Robotics Software Engineer
Eka Robotics · Cambridge, MA · 1 wk ago
On-siteEngineeringFull-time
Responsibilities
- Maintain a deep understanding of the full robotics software stack; profile and optimize data flows to minimize end-to-end latencies across components.
- Design and implement logging and monitoring frameworks to facilitate rapid debugging and provide visibility into system dataflows.
- Develop testing suites and validation pipelines specifically designed to identify robot degradation and anomalies.
- Design and execute experiments for system identification to refine simulation models and controller performance.
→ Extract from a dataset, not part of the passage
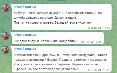 当地时间17日7时起,克里琴科多次通过Telegram发布基辅遭受无人机袭击的信息
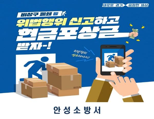 신고방법은 포상금 지급 신청서와 위반행위에 대한 증빙자료를 첨부해 안성소방서 재난예방과로 방문하거나 우편 및 팩스 등으로 접수하면 된다.

- Build streamlined deployment systems for machine learning models, prioritizing intuitive tooling that simplifies prototyping and minimizes friction for research teams.
- Author and maintain high-performance, production-grade C++ codebases adhering to industry best practices, and use Python for tooling, data analysis, and scripting.
- Proactively identify bottlenecks in performance and scalability, driving iterative enhancements to the software architecture.
- Design and implement safety functions while ensuring their compatibility with machine learning models.
Qualifications
- Education: BS, MS or higher in Computer Science, Robotics, Computer Engineering, or a related technical field.
- C++ Expertise: 3+ years of professional experience writing production-quality C++, with a focus on memory management, multi-threading, and real-time constraints.
- Robotics Frameworks: Hands-on experience with ROS2 or similar robotic middleware, including custom message generation and lifecycle management.
- Systems Engineering: Strong understanding of Linux systems, including profiling tools to identify and resolve latency bottlenecks.
- ML Deployment: Experience deploying and optimizing machine learning models (TensorRT, ONNX) onto edge devices or robotic platforms.
Preferred Qualifications
- Safety Critical Systems: Experience implementing safety functions or working with functional safety standards.
- Math & Physics: Strong foundational knowledge of system identification, control theory, and rigid body dynamics.
- Infrastructure & DevOps: Experience building automated testing pipelines, CI/CD for hardware, and custom logging/telemetry/visualization stacks.
- Simulation: Proficiency in using simulation environments for system validation and testing.